The film, which follows the dramatic and romantic comedy atmosphere, takes place in the United States at the beginning of the era of space exploration in the mid-fifties of the last century, and includes a group of Hollywood stars, including Scarlet JohansanJason Schwartzman, Margot Robbie, Tom Hanks, Adrien Brody, Edward Norton, Bryan Cranston, Stephen Carell, and many more.
Despite the large number of these stars, many comments indicated that the film’s plot is not as clear as Anderson’s previous works.

Asteroid City is a movie-within-a-movie, featuring a critic, who is not identified by name but played by Bryan Cranston, and tells the story of playwright, Conrad Earp, played by Edward Norton. All of Earp’s scenes appear in black and white, and so are any scenes set within the world of the play, which is being directed by Schubert Greene, played by Adrien Brody.

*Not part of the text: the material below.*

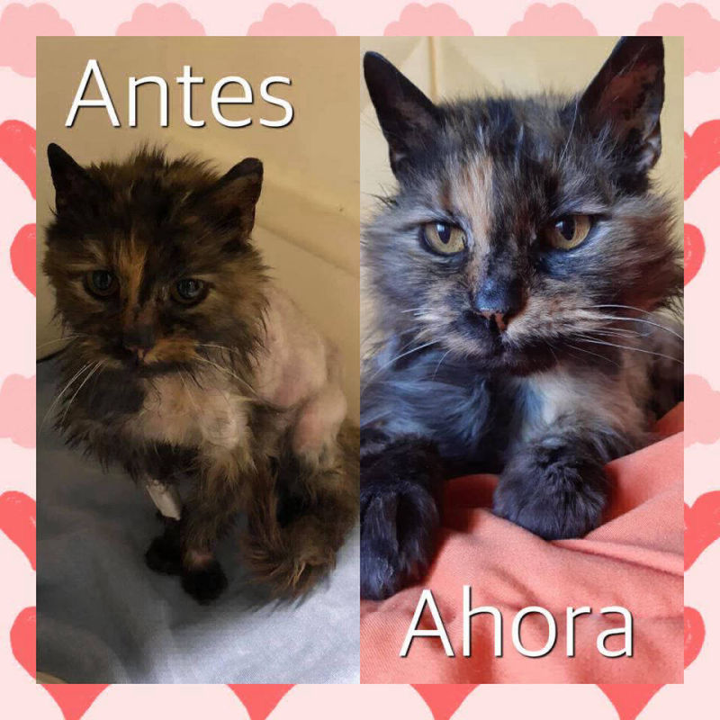 Mientras tanto, la gatita, seguía internada, Esperanza como la bautizamos en ARAF, comenzó a recuperarse más rápido de lo esperado, era una luchadora, iba mejorando a pasos agigantados, ya comía alimento balanceado por sus propios medios, tomaba agua normal, y su ánimo mejoró muchísimo!!

The two interwoven stories intertwine in the film brilliantly, as the film is divided into chapters and scenes, with cards between the chapters, as if the viewer is reading the account of the arrival of several families in “Asteroid City” in the California desert to observe an astronomical phenomenon, and to present their children’s inventions, but an alien visit to retrieve the asteroid. As a result, the government quarantines all residents of the city, including visitors, to prevent them from telling the world about the existence of aliens, and perhaps the impact of major lockdowns during the COVID-19 pandemic could help in this corner.

But the hidden story that the film tries to address, away from aliens, government plans and supposed theatrical performances, is how to deal with grief, the grief of losing a wife and mother, and how the family members, from the grandfather, the husband and the three girls, cope with the farewell and burial ceremonies of the wife.

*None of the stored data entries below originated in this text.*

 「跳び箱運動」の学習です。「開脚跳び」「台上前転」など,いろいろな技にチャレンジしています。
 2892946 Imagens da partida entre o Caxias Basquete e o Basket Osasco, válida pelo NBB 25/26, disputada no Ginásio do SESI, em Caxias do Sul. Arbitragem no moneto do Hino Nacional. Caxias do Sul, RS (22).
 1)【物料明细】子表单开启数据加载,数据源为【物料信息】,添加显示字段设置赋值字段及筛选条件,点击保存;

However, no matter how different opinions are about the film, it cannot be denied that many of the feelings that the viewer experiences, if his attention remains focused on the screen, is a reflection of the feeling of panic that afflicted the largest proportion of the Earth’s population during the Corona pandemic, especially the period of uncertainty and loss that enveloped the planet at the time. Which the director of the film refers to within the film to the main actor with the phrase, “Just keep telling the story,” as if Anderson wanted to say through the new movie, “Everything will pass.”
It is noteworthy that the film is expected to start showing in cinemas in the UAE at the end of next August.